[What you are asked to do]: An exact, picture-free copy of the listing is required.

[Data section]:
* * * *
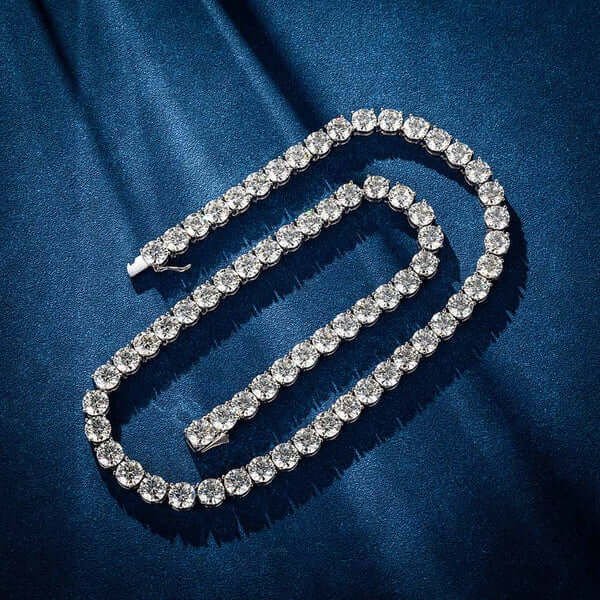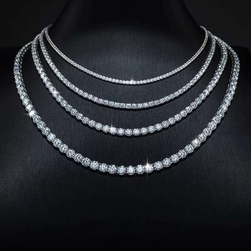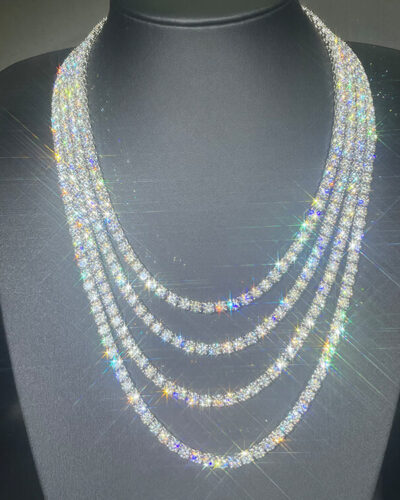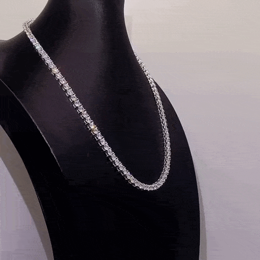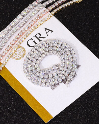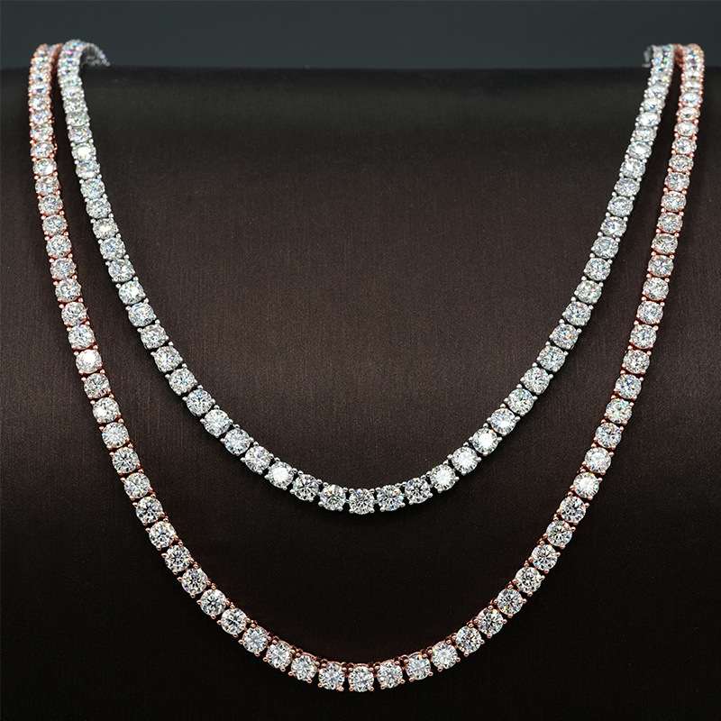This VVS moissanite tennis chain necklace is made with hand-selected moissanite stone, which is clean, sturdy, and shines like real diamonds.
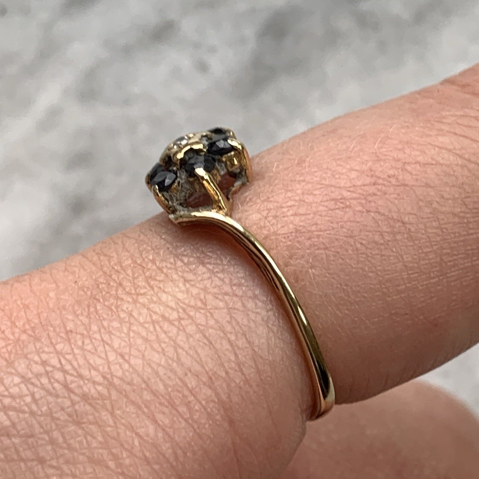 A beautiful ring featuring a central diamond surrounded by sapphires to create a daisy, upon bypass shoulders.
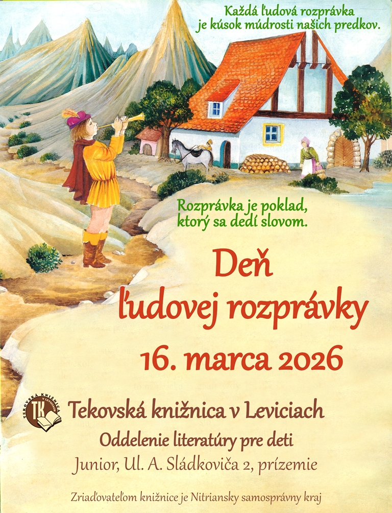 Dňa 16. marca 2026 sa v Oddelení literatúry pre deti Tekovskej knižnice v Leviciach uskutoční DEŇ ĽUDOVEJ ROZPRÁVKY.
* * * *
[Task response]:
This VVS moissanite tennis chain necklace is made with hand-selected moissanite stone, which is clean, sturdy, and shines like real diamonds.
 A beautiful ring featuring a central diamond surrounded by sapphires to create a daisy, upon bypass shoulders.
 Dňa 16. marca 2026 sa v Oddelení literatúry pre deti Tekovskej knižnice v Leviciach uskutoční DEŇ ĽUDOVEJ ROZPRÁVKY.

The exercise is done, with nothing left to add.